A FATHER’S ghost, a mother quick to remarry and a servant slain – Edward de Vere’s story has many parallels with that of Shakespeare’s Hamlet.
Actor George Dillon inhabited the role of the 17th Earl Of Oxford, a courtier, swordsman, adventurer, playwright and poet, whose ghost arose to tell his story.
If we are to believe Shakespeare based Hamlet on de Vere, or even that de Vere was Hamlet’s author, then this was de Vere’s revenge.
Fragments of the play were interspersed seamlessly with original writing – for example, de Vere’s silent grief for his father and the Polonius-like William Cecil’s advice to his ward to “neither a borrower nor a lender be”.
Even the young William made an appearance, with de Vere admonishing the boy for not learning to read or write. He later, rather foolishly, offered him one of his sonnets to use to win back his wife.
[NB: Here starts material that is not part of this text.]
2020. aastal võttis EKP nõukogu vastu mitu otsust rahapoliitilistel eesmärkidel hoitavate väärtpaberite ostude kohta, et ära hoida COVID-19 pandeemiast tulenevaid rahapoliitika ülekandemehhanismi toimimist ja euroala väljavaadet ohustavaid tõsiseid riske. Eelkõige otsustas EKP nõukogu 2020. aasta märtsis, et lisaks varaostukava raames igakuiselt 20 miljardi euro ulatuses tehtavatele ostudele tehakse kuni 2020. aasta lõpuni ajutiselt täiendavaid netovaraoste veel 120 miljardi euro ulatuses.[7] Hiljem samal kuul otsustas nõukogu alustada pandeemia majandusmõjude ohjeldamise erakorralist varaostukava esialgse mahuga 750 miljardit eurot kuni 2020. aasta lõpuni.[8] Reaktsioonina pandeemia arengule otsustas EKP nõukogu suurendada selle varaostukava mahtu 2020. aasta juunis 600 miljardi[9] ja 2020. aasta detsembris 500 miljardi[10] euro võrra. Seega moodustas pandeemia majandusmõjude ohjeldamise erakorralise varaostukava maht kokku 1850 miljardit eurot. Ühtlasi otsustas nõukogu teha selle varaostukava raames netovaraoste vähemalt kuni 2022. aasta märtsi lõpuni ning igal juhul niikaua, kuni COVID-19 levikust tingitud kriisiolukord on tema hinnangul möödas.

The play had its lighter moments – not least when de Vere, commencing, “To be or not to be…”, was cut off by William exclaiming: “What kind of question is that?”
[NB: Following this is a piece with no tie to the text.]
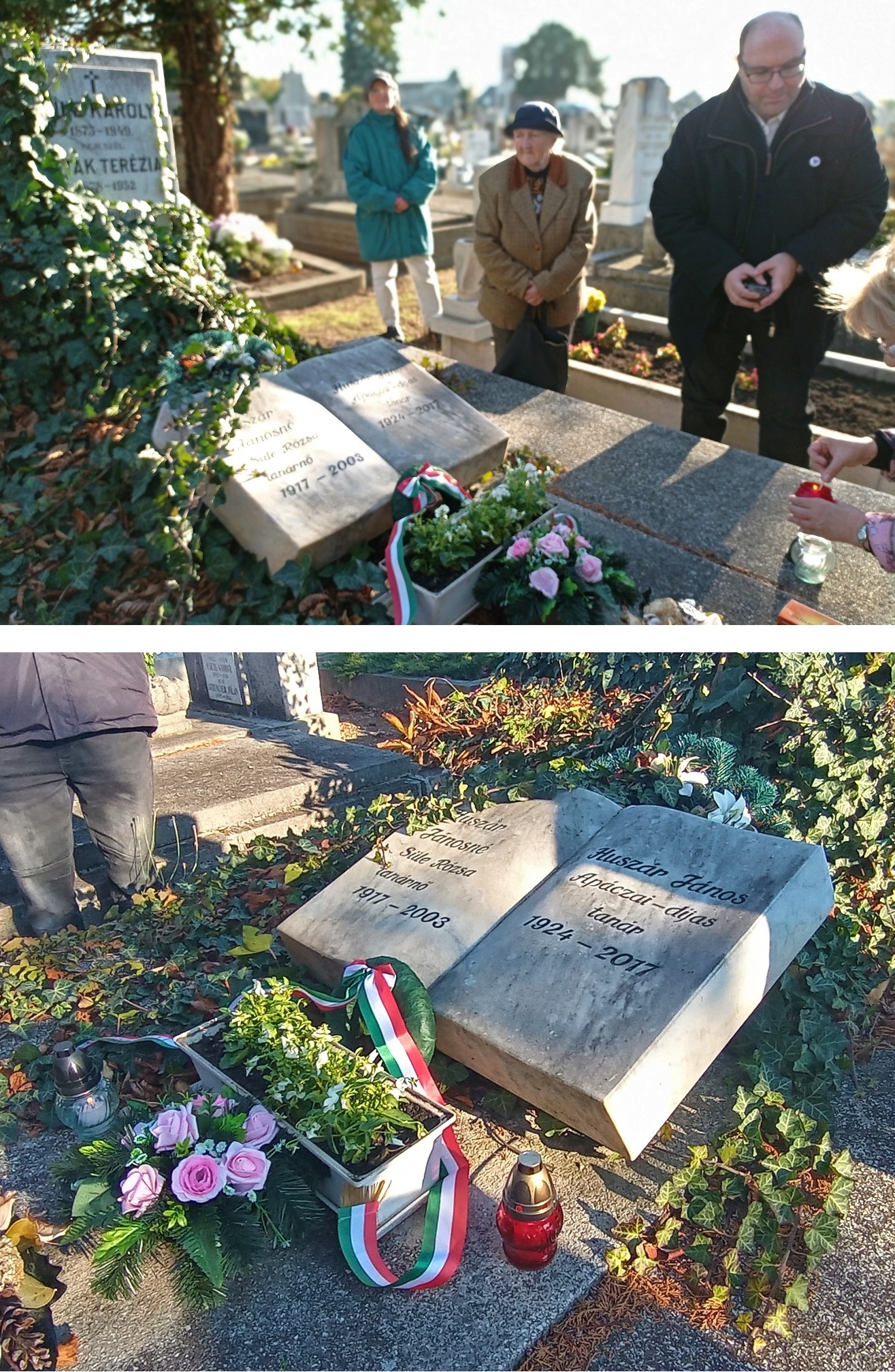 A megjelentek koszorút vittek és mécsest gyújtottak a 2017-ben, kilencvenhárom esztendős korában elhunyt Huszár János Apáczai-díjas történelemtanár, Bél Mátyás-díjas helytörténész sírjához is. Kerecsényi Zoltán elmondta: Huszár tanár úrra, János bácsira nem lehet elfogultság nélkül gondolni, emlékezni. Azt hiszem, mindnyájunknak, akik most itt összegyűltünk, sok-sok személyes emléke van János bácsiról. Az én személyes életemet is meghatározóan végigkísérte személyisége és végigkíséri emléke. Huszár János életével, munkásságával teljesebbé váltunk mi, pápaiak, s szélesedjék az elkövetkezendő pápaiak látószöge is, legyen szebb, teljesebb az eljövendő Pápa is néhai Huszár János tanár úr, a nagybetűs HELYTÖRTÉNÉSZ üzenet-művei és emlékezete által. Egyletünk két esztendővel ezelőtt egy szerény kis emlékjelet állított János bácsi életének egykori meghatározó helyszínén, a Zimmermann utca 10. szám alatt, a hajdani pápai Római Katolikus Polgári Fiúiskola és a II. sz. Általános Iskola épületében, a jelenlegi pápai Szent Anna Római Katolikus Óvoda belső bejáratánál. Szeretnénk, ha 2024 nyarára, a kerek 100. születési évfordulóra ott egy komolyabb, méltóbb állhatna majd János bácsi emlékét hirdetve.

What kind of question, indeed, for de Vere’s story was not a revenge tragedy but one more familiar to its 21st century audience – one of advancement, and the legacy we leave behind.
With an impressive performance by Dillon, simple but effective lighting, and a score performed by Charlotte Glasson on multiple instruments, including a sword, this was a big production in a small theatre and a cut above your average one-man show.